**What to produce**
Exact reproduction is required for the lines below starting at the line with "发光羽毛球拍正品夜光户外运动训练夜间成人儿童专业超轻耐用套装" and ending at the line with "- Design details: spread", both included. No other lines, and no pictures.

━━━━━ Extracted data ━━━━━

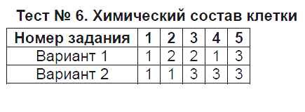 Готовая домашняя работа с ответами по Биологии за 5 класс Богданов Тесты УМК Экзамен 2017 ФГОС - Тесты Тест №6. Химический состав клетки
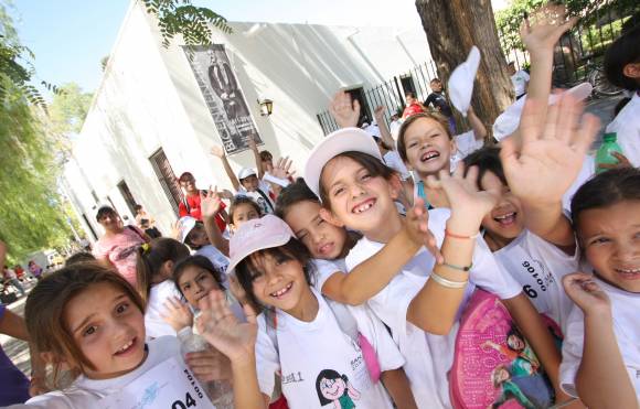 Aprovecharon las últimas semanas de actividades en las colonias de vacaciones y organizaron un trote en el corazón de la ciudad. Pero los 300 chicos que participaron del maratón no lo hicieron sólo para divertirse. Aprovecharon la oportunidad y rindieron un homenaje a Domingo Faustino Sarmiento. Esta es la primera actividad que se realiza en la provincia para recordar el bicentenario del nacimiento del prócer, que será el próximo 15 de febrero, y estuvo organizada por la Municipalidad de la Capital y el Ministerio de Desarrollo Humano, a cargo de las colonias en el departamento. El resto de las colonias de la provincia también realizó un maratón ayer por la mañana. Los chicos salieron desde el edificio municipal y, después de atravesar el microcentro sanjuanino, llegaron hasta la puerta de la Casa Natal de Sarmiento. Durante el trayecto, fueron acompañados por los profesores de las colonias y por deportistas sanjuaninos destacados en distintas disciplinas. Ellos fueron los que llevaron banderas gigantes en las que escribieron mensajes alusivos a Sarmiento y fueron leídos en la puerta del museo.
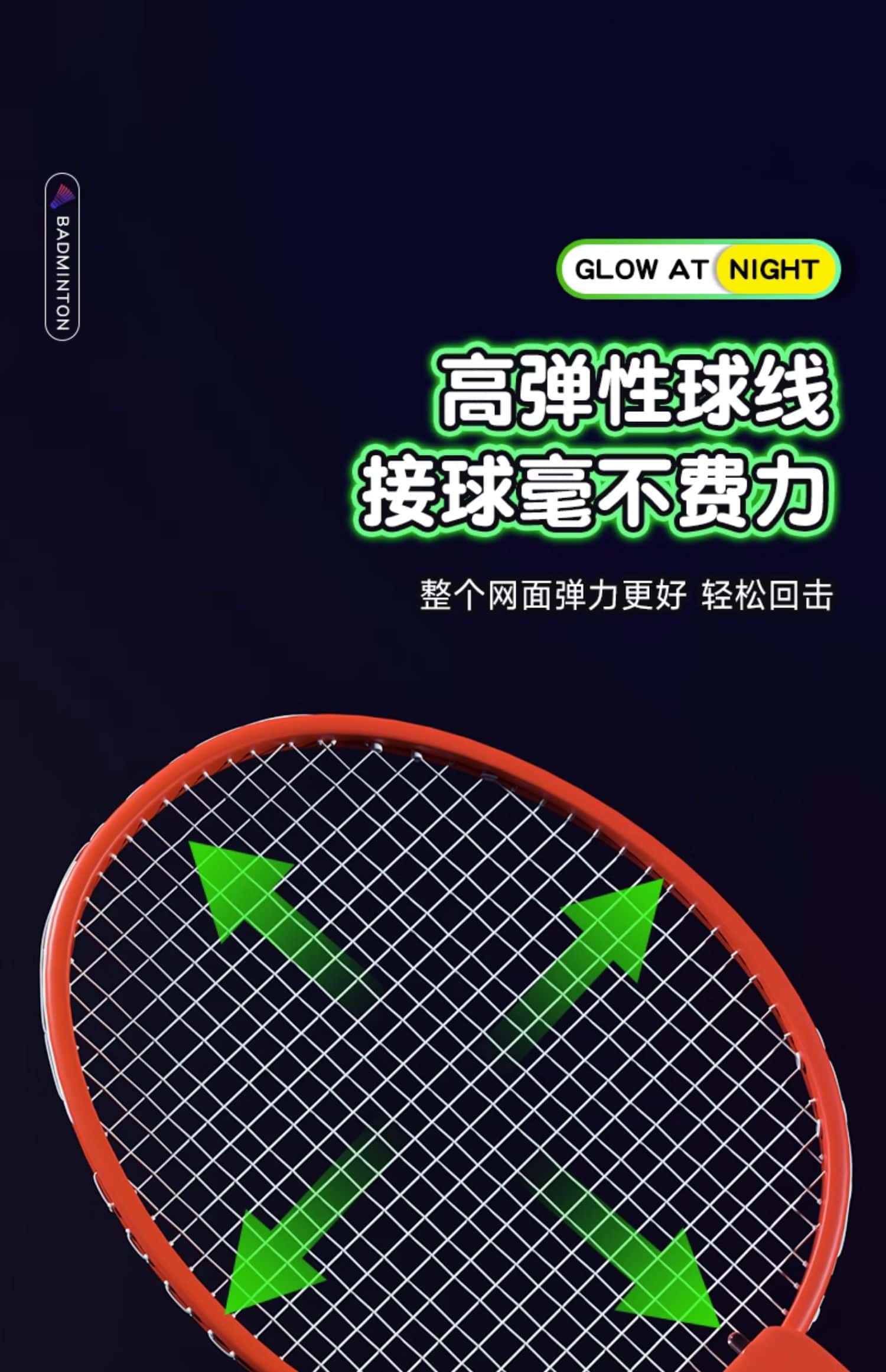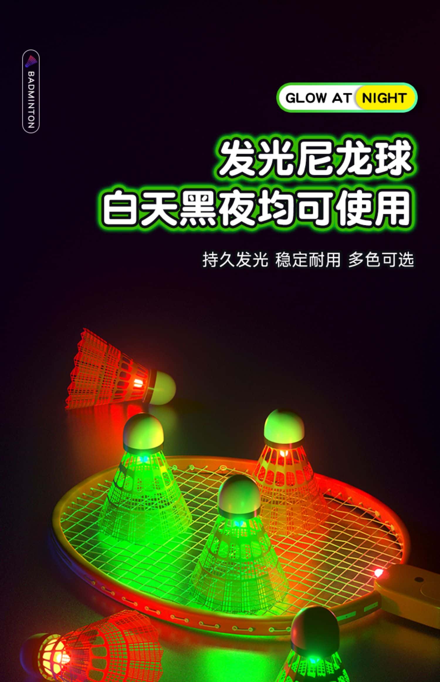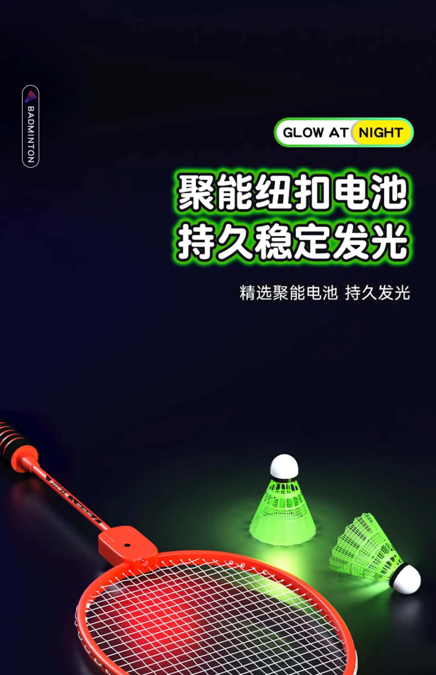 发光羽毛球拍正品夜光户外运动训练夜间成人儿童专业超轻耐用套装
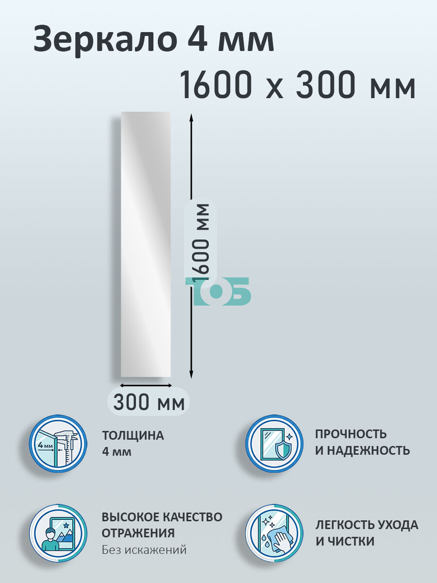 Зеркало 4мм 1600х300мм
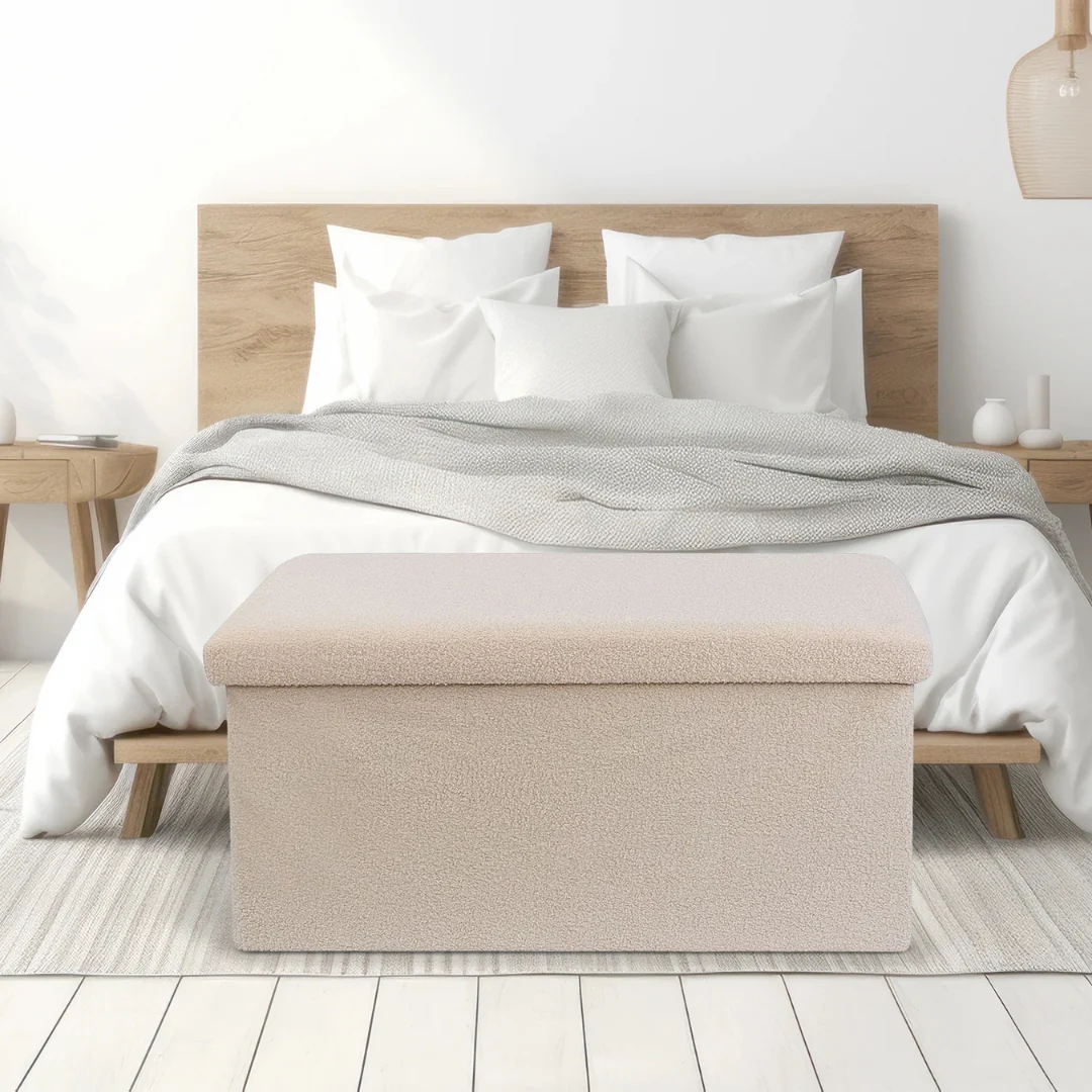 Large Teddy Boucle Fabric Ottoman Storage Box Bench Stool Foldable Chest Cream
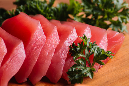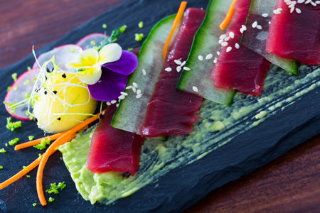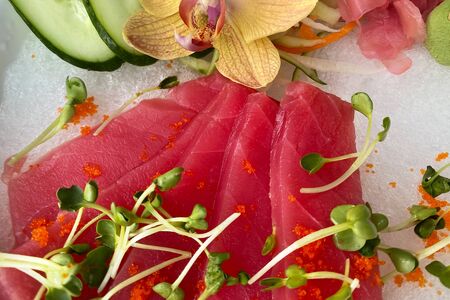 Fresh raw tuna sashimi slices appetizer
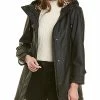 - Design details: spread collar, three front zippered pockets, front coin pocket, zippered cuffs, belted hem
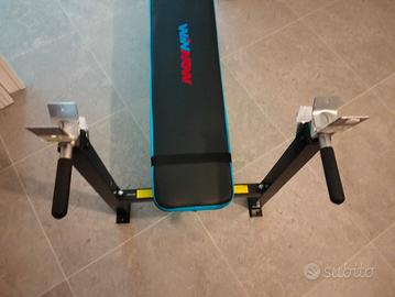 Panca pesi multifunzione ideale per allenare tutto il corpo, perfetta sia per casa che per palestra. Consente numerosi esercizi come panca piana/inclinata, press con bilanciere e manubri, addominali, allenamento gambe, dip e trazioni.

━━━━━

**Result of this exercise**
 发光羽毛球拍正品夜光户外运动训练夜间成人儿童专业超轻耐用套装
 Зеркало 4мм 1600х300мм
 Large Teddy Boucle Fabric Ottoman Storage Box Bench Stool Foldable Chest Cream
 Fresh raw tuna sashimi slices appetizer
 - Design details: spread collar, three front zippered pockets, front coin pocket, zippered cuffs, belted hem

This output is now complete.